Soviet military composer (1881–1950)

Semyon Aleksandrovich Chernetsky (Note: Семен Александрович Чернецкий) (born Solomon Isayevich Chernetsky; (Note: Соломон Шаевич Чернецкий) 1881 – 13 April 1950) was a Soviet military composer and conductor. He is credited as the founder of modern Russian military bands. He served as the Senior Director of the Central Military Band of the People's Commissariat of National Defense of the USSR from 1924 to 1950.
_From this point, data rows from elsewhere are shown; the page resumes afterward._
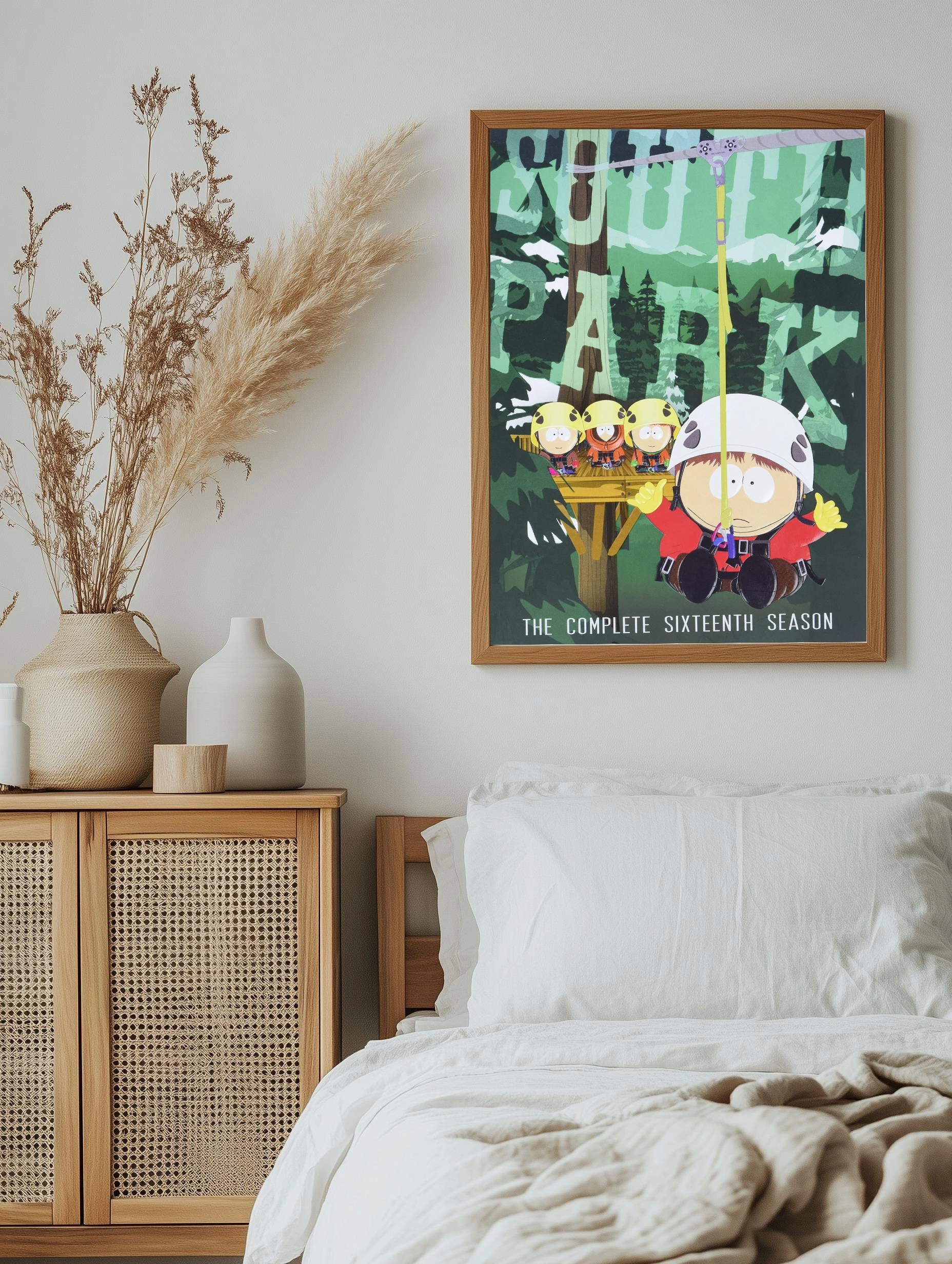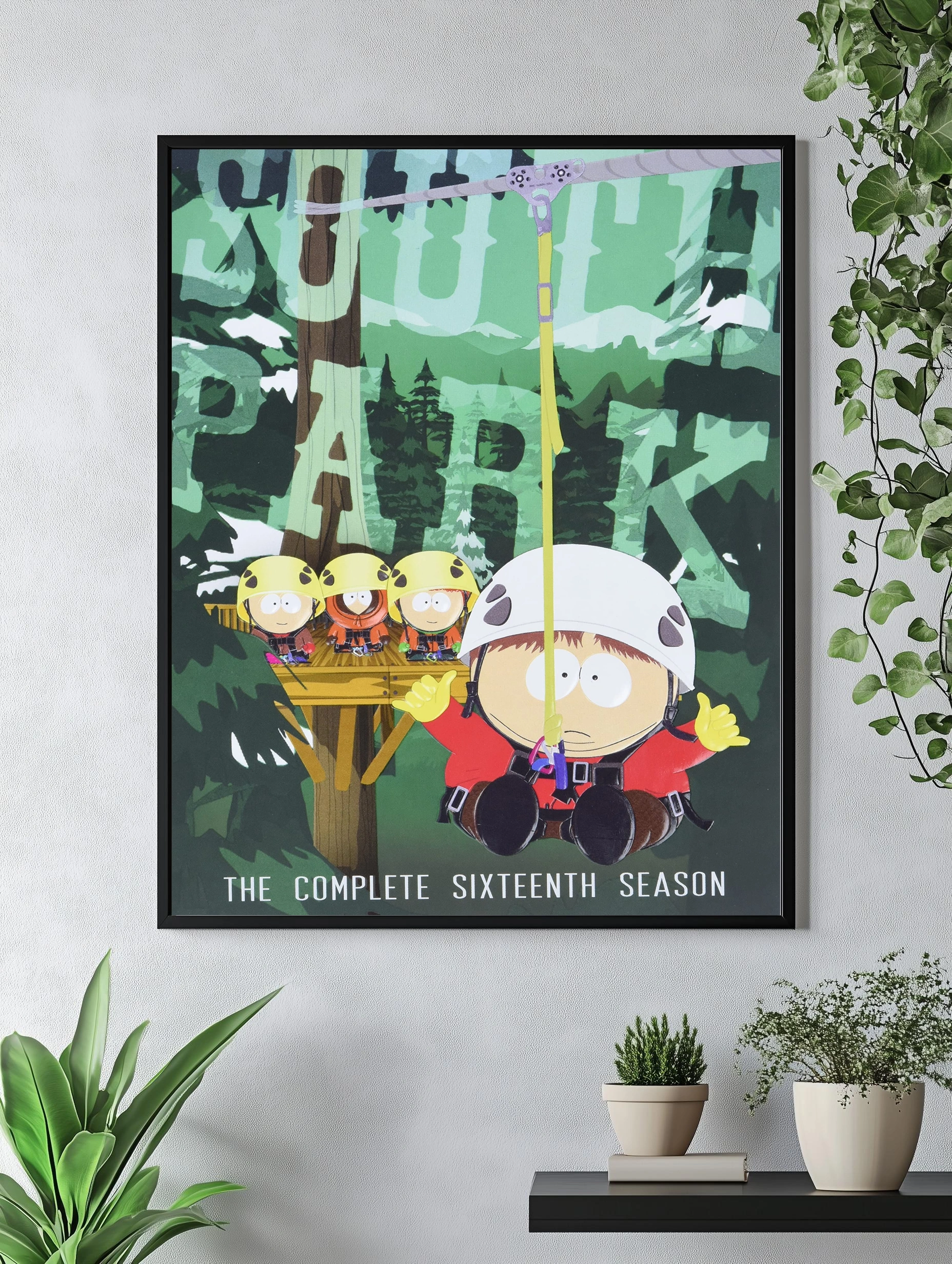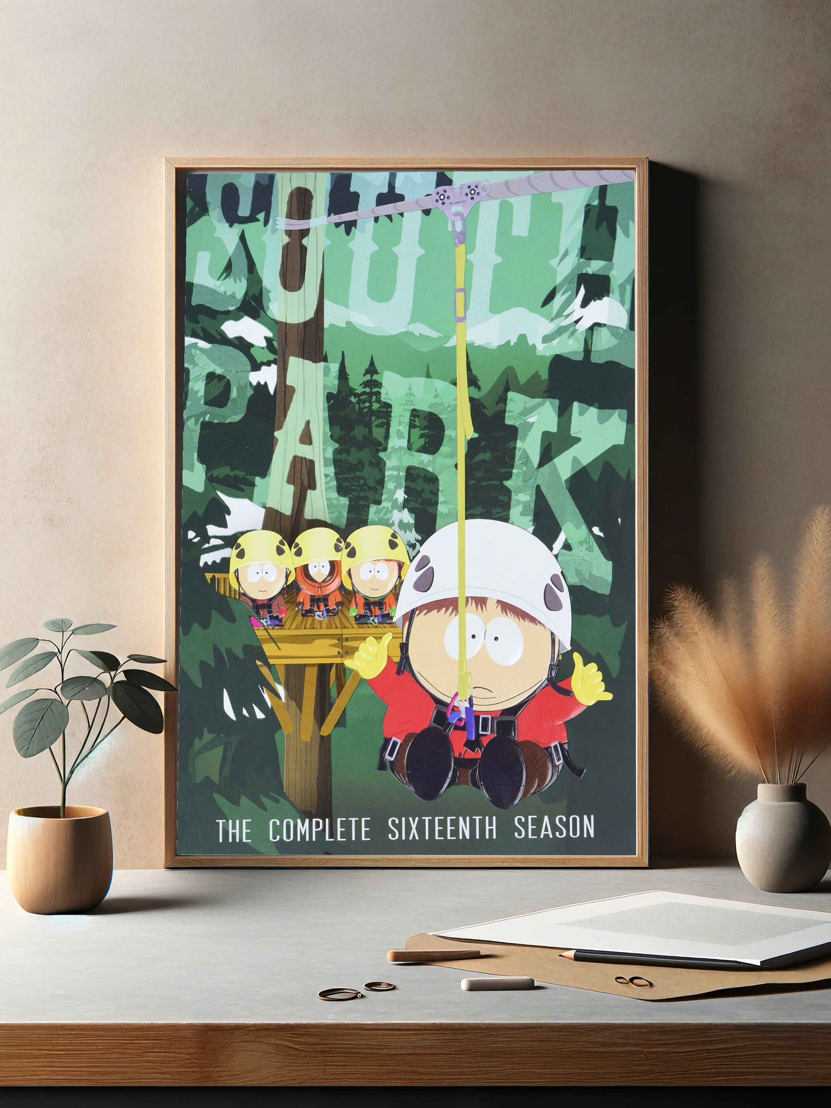 На этом авторском постере изображены главные герои популярного мультсериала «Южный Парк» в яркой и весёлой сцене приключения на природе. Малыши в жёлтых касках готовы к верёвочному спуску на фоне зелёного леса и деревянной площадки. Картина для спальни и интерьера детской комнаты, создаёт настроение веселья и дружбы.
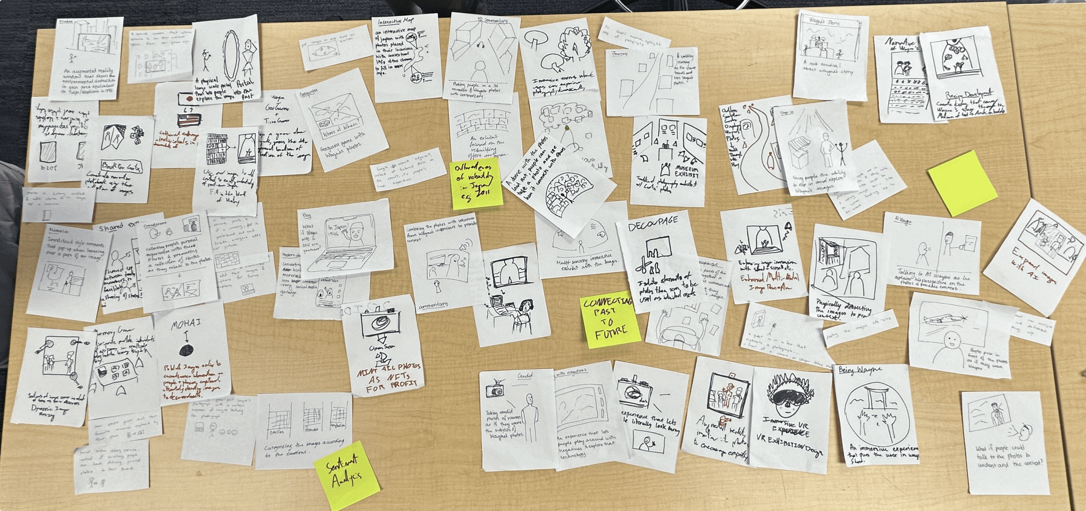 I ideated about 80 concepts. I encouraged thinking about ideas we specifically did not want to pursue (like NFTs or AI-modified images) as an exercise to get better recognition of what we did want to make.
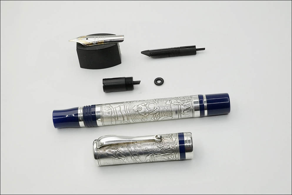 Фидер эбонитовый, что традиционно для «больших» Montegrappa, и располагается с пером на трении в пластиковом стакане, который с уплотнительным кольцом вкручивается в секцию ручки.
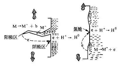 零件或構件在應力和腐蝕介質作用下,表面的氧化膜被腐蝕而受到破壞,破壞的表面和未破壞的表面分別形成陽極和陰極,陽極處的金屬成為離子而被溶解,產生電流流向陰極。

== Early life and family ==
Tchernetsky was born on 24 October 1881 in Odessa to a musical family. He was born Solomon Isayevich Chernetsky, a Jewish name which he russified in 1917 to Semyon Aleksandrovich. His father, Isay Aleksandrovich Shtember, was a violinist and violin teacher. His mother, Dora Isayevna Chernetskaya, was a piano teacher. His cousin Lev would later become the bandmaster of the 8th Don Cossack Regiment of the 8th Cavalry Division based at Odessa.

== Early musical career ==
From 1892-1893, Chernetsky studied the trombone in the orchestra of the 24th Dragoon Lubny Regiment (later the 8th Lubny Hussar Regiment, 2nd Brigade, 8th Cavalry Division) in Kishinev, Bessarabia Governorate (now Chișinău, Moldova), where his uncle Issac was the conductor. In 1900, due to the difficult financial situation of the family, after the death of his father and without graduating from college, he was sent to Kishinev to live with Issac. In Kishinev, he graduated from the music classes of the local branch of the Imperial Russian Musical Society and decided to devote himself to military music. At first he tried his hand as an assistant to his uncle, and in 1903 he himself became bandmaster of the 14th Artillery Brigade (part of the 15th Infantry Division of the Imperial Russian Army). In the same year, during the Kishinev pogrom, he participated in the organization of self-defense, and as a result was seriously wounded and lost his left eye. In 1911 he entered the Saint Petersburg Conservatory, which he graduated in 1917.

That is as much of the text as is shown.